### ASSIGNMENT
Given the entries below, would you transcribe exactly the lines starting at the one with "Scena rodzajowa. Piórko, tusz, ołówek, lawowanie;" and ending at the one with "Еще один вариант", both kept, pictures omitted, nothing extra?

### PROVIDED RECORDS

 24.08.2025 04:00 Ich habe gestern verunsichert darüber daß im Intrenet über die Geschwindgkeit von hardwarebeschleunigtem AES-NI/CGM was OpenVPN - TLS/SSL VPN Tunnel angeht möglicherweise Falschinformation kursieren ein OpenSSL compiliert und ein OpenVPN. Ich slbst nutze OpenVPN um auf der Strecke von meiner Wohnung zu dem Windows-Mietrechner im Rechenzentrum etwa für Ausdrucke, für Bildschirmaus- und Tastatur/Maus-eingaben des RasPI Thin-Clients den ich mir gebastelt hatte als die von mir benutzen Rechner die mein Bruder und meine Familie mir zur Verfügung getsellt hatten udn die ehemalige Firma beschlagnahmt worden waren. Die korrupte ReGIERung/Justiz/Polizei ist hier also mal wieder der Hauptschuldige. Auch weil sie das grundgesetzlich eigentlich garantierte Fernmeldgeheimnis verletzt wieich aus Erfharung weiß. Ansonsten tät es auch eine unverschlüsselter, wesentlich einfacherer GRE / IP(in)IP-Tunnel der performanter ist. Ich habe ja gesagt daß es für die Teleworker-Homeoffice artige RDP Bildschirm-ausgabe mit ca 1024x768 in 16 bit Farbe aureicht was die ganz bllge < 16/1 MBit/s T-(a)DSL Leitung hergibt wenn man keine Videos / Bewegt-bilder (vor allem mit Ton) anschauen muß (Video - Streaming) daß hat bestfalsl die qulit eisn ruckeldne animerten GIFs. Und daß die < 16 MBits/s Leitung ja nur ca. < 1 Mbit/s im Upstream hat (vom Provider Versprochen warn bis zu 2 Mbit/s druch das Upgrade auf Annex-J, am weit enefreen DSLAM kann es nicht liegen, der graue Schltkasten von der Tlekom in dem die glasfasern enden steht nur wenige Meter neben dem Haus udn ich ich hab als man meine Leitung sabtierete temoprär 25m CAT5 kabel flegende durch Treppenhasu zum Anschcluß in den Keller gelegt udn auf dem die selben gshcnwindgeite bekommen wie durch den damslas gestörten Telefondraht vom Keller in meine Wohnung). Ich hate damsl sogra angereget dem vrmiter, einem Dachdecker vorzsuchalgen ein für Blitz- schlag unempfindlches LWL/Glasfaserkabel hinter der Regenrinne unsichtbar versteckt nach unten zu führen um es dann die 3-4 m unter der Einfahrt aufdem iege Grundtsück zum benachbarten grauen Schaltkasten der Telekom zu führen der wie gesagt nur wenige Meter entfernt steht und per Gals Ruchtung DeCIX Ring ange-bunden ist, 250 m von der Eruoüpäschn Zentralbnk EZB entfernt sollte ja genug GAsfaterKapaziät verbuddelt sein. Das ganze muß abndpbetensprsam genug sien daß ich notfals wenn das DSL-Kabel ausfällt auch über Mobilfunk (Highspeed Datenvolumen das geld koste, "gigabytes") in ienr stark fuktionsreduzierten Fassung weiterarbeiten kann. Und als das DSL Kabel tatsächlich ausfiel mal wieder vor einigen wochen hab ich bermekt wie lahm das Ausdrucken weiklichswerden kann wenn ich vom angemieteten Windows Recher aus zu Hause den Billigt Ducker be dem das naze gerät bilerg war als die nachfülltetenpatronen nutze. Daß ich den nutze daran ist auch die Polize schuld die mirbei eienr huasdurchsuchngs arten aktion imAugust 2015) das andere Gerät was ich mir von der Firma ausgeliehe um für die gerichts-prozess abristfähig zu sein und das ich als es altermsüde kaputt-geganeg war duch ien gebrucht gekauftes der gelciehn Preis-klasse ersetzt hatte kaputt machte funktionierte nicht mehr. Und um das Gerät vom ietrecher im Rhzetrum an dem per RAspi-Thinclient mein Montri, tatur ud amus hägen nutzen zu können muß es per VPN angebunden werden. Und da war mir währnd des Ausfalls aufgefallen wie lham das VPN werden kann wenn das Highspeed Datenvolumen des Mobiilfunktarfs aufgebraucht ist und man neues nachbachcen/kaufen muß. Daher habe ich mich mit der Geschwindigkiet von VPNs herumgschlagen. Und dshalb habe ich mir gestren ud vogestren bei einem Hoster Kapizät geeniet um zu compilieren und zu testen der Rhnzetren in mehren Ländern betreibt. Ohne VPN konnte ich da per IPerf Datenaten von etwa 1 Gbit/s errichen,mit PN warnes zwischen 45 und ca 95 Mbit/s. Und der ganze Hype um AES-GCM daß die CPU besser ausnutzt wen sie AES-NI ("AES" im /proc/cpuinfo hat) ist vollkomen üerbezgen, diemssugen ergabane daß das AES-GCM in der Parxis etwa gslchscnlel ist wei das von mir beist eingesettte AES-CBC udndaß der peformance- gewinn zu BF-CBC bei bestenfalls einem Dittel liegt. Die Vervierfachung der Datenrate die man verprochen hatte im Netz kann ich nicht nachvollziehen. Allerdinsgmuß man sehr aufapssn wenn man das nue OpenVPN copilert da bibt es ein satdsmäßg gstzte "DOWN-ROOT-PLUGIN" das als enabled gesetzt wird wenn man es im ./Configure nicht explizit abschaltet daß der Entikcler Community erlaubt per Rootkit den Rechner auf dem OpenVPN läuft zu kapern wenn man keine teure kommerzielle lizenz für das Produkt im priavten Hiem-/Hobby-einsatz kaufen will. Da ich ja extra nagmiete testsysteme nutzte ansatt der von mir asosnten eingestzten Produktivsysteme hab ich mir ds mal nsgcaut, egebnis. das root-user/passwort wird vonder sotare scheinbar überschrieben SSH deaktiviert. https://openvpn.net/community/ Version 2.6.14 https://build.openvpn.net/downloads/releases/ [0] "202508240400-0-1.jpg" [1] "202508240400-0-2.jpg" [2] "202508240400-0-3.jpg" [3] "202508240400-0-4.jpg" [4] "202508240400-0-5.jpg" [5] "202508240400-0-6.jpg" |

...

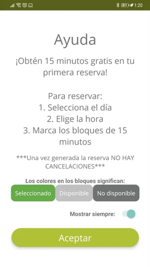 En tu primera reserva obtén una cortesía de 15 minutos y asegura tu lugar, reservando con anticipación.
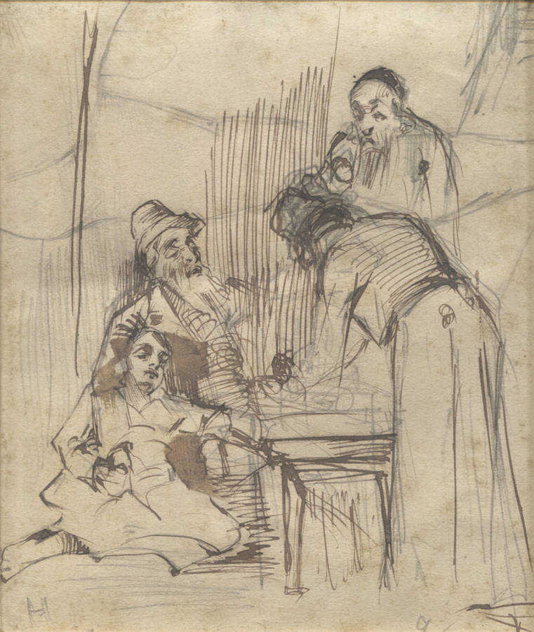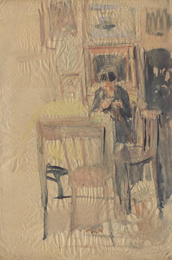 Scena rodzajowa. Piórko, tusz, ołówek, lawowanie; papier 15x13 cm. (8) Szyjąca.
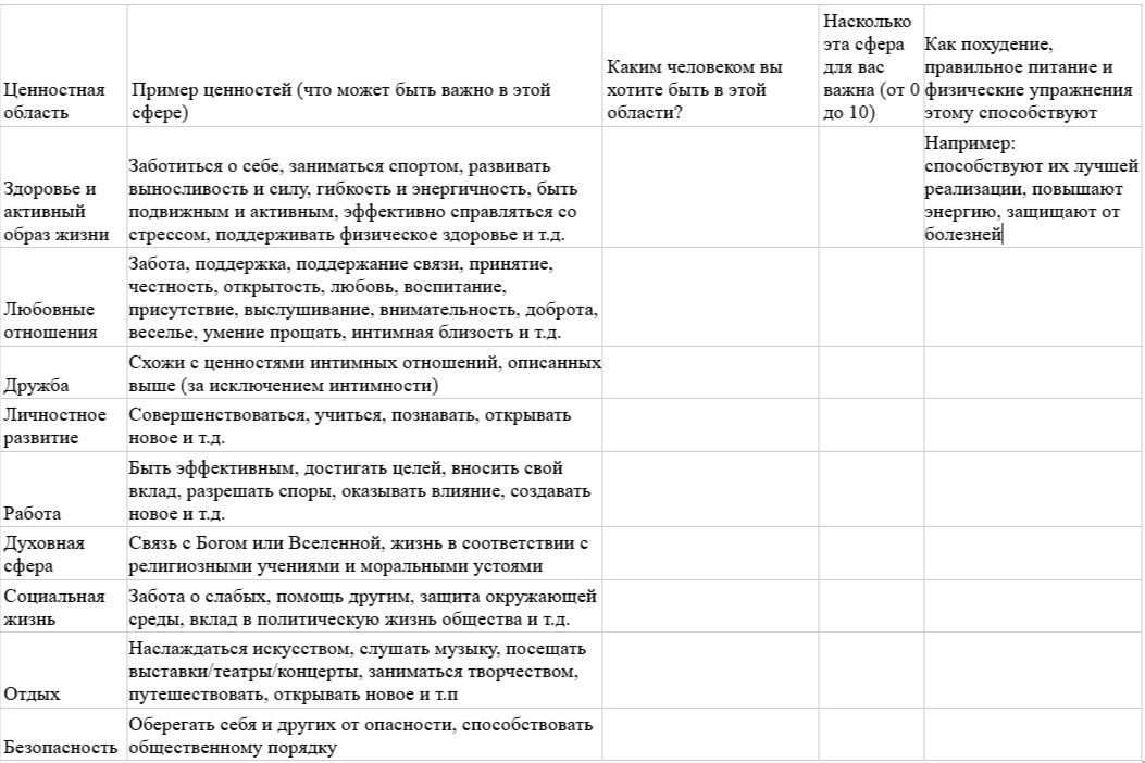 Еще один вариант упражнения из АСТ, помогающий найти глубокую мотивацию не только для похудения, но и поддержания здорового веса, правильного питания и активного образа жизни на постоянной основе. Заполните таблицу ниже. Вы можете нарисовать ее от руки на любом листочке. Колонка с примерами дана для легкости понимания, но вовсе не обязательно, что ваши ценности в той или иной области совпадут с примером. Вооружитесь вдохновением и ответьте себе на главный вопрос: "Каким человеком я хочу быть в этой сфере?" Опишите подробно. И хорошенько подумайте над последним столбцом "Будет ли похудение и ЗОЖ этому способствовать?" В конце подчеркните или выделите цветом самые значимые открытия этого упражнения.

### ANSWER FOR THIS EXERCISE
 Scena rodzajowa. Piórko, tusz, ołówek, lawowanie; papier 15x13 cm. (8) Szyjąca.
 Еще один вариант упражнения из АСТ, помогающий найти глубокую мотивацию не только для похудения, но и поддержания здорового веса, правильного питания и активного образа жизни на постоянной основе. Заполните таблицу ниже. Вы можете нарисовать ее от руки на любом листочке. Колонка с примерами дана для легкости понимания, но вовсе не обязательно, что ваши ценности в той или иной области совпадут с примером. Вооружитесь вдохновением и ответьте себе на главный вопрос: "Каким человеком я хочу быть в этой сфере?" Опишите подробно. И хорошенько подумайте над последним столбцом "Будет ли похудение и ЗОЖ этому способствовать?" В конце подчеркните или выделите цветом самые значимые открытия этого упражнения.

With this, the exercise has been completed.